Hi, okay my husband is a loving father and works hard I'm not trying to bash him. I try to be as understanding as possible to him. We have been together 4 years. 2 1/2 years ago we had a daughter I was an emotional mess in that pregnancy a month after Dd1 was born I found out he was looking and responding to personal ads on craigslist he apologized but also mentioned it was almost impossible to talk to me and he was stressed. When DD1 was about a year and a half I started having panic attacks for about 5 months until I got pregnant March of 2013 this pregnancy was a lot better emotionally but a little harder physically, he's had lapses with the online ads but I kind of accepted that he just glanced and answered knowing a computer would respond. We had our second daughter 2 weeks ago and did it again but texting to their phone now, Idk what to do I feel devastated! I rebuilt my life with him after living 7 years with an abusive and violent man. He pushed me to trust him when we were dating made my oldest son love him, he's grown up with him. I don't want to question him about it...It's always the same answers (stress, he can't talk to me because I'm too emotional, it never goes past the messages, etc etc) He did this while I was pregnant in my most vulnerable state, it makes me question everything he has done for me. If he has done it just for himself his gratification, since his ex has his two other kids and didn't want to feel lonely. Every time we have this conversation I end up feeling like I should be a better wife that my emotions are overreacting!

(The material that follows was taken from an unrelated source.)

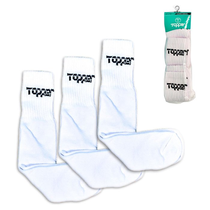 Para proteger os pés durante a prática esportiva, ou mesmo em ocasiões da rotina, o kit de meias de cano médio da Topper é uma excelente alternativa. Fabricadas em mescla de materiais leves, oferecem um tecido macio e respirável, possibilitando que você se caminhe sem perder o conforto. Composição: 79% Algodão, 20% Poliamida e 01% Elastano. Contém: 03 Pares nas cores branco. Cano: Médio (19 cm). Tamanho: 39 ao 42 Itens Incluso: 1 Kit Meia Topper Cano Médio 3 Pares

He sure makes me feel like I'm a nut and not in an offensive way but he tries to shrink my head with his advice. My gut tells me now he just tries to turn things on me or he really wants to believe what he does is harmless. I feel cheated, betrayed, humiliated and disappointed. I can't confront him because I know what his answers will be and I will end up frustrated and with anxiety attacks. I have been dealing with this and a newborn and a nine year old on my own because he has two jobs.